Collected data:
┌──
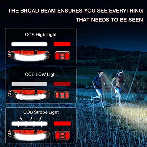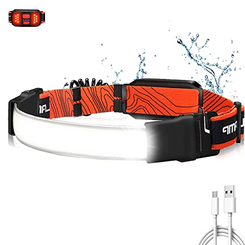 BESTSUN Torcia frontale a LED ricaricabile, faro a fascio largo con fanale posteriore rosso 3 modalità di illuminazione Faro leggero da lavoro impermeabile per pesca, campeggio, escursionismo, corsa
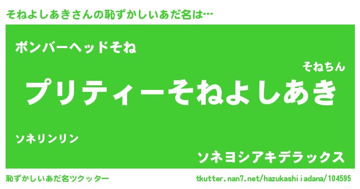 | ヘコむあだ名 | 『そねにー』『そねよしあき(遠い目)』 |
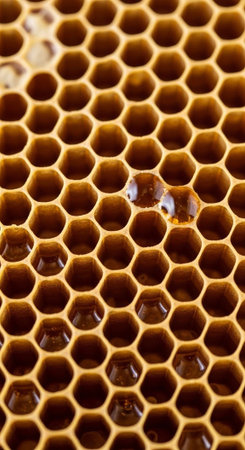 An intricate close-up of a honeycomb structure showcasing golden textures. The play of light and shadow enhances the geometric design, creating an organic yet abstract visual.
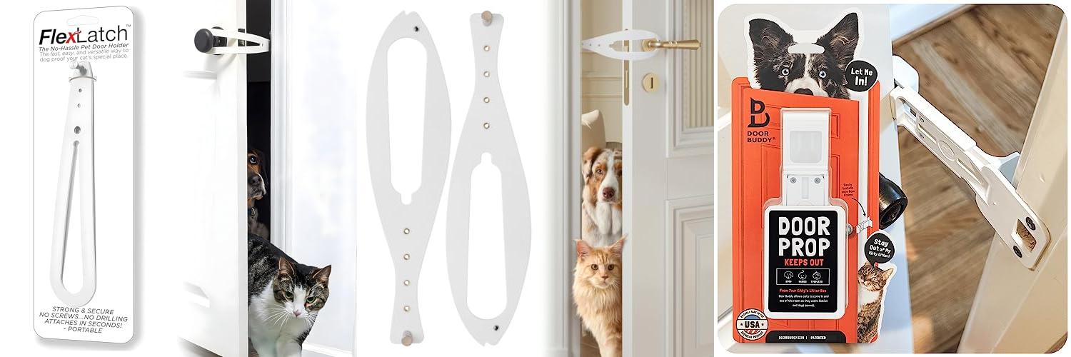 5. Door Buddy Cat Door Latch & Stopper. Adjustable Dog Proof Door Strap for Cats. Dog Proof Litter Box & Cat Feeder. Simpler Pet Gate Alternative. No Cut Cat Door Interior Door.
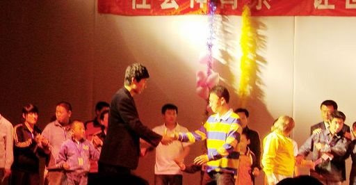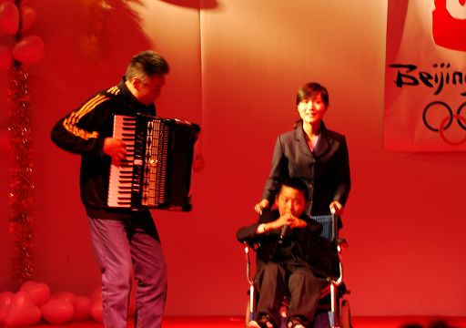 爱心、和谐的旋律始终贯穿整台晚会。永利3044官网唯一食品系学生与残障人士在舞台上一起合作演出、一同参加游戏环节,台上台下笑声不断、爱心融融,到处传递着“让世界充满爱,关心残疾人”的主题。永利3044官网唯一食品系学生代表与首都体育学院代表进行了简短的交接仪式,并将整个晚会推向高潮。
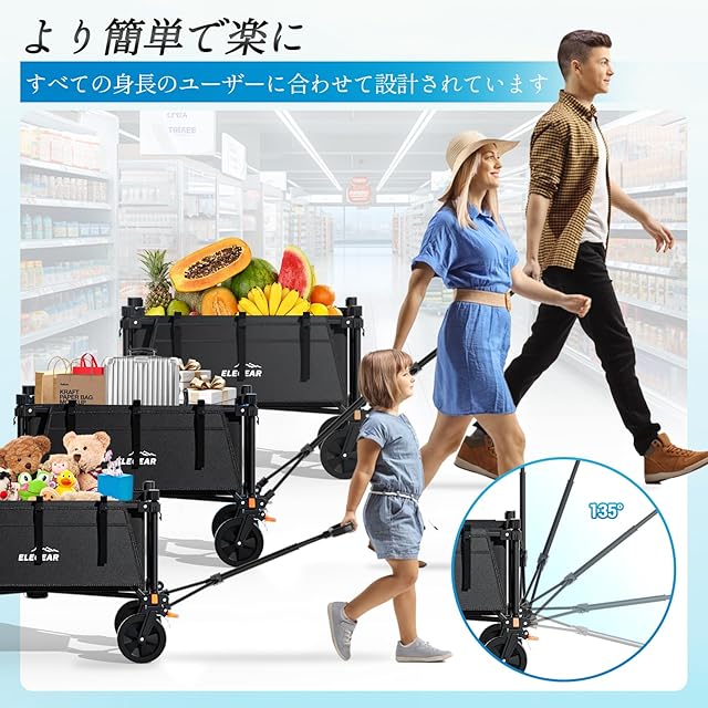 商品名:Elegear アウトドアワゴン キャリーワゴン 200L 耐荷重200kg 容量可変式 全地形対応360°ホイール 折り畳み式 軽量コンパクト設計 キャンプ ビーチ スポーツ ショッピング用
└──
**Task**:
Give the data again word for word, without images.

**Completed task**:
 BESTSUN Torcia frontale a LED ricaricabile, faro a fascio largo con fanale posteriore rosso 3 modalità di illuminazione Faro leggero da lavoro impermeabile per pesca, campeggio, escursionismo, corsa
 | ヘコむあだ名 | 『そねにー』『そねよしあき(遠い目)』 |
 An intricate close-up of a honeycomb structure showcasing golden textures. The play of light and shadow enhances the geometric design, creating an organic yet abstract visual.
 5. Door Buddy Cat Door Latch & Stopper. Adjustable Dog Proof Door Strap for Cats. Dog Proof Litter Box & Cat Feeder. Simpler Pet Gate Alternative. No Cut Cat Door Interior Door.
 爱心、和谐的旋律始终贯穿整台晚会。永利3044官网唯一食品系学生与残障人士在舞台上一起合作演出、一同参加游戏环节,台上台下笑声不断、爱心融融,到处传递着“让世界充满爱,关心残疾人”的主题。永利3044官网唯一食品系学生代表与首都体育学院代表进行了简短的交接仪式,并将整个晚会推向高潮。
 商品名:Elegear アウトドアワゴン キャリーワゴン 200L 耐荷重200kg 容量可変式 全地形対応360°ホイール 折り畳み式 軽量コンパクト設計 キャンプ ビーチ スポーツ ショッピング用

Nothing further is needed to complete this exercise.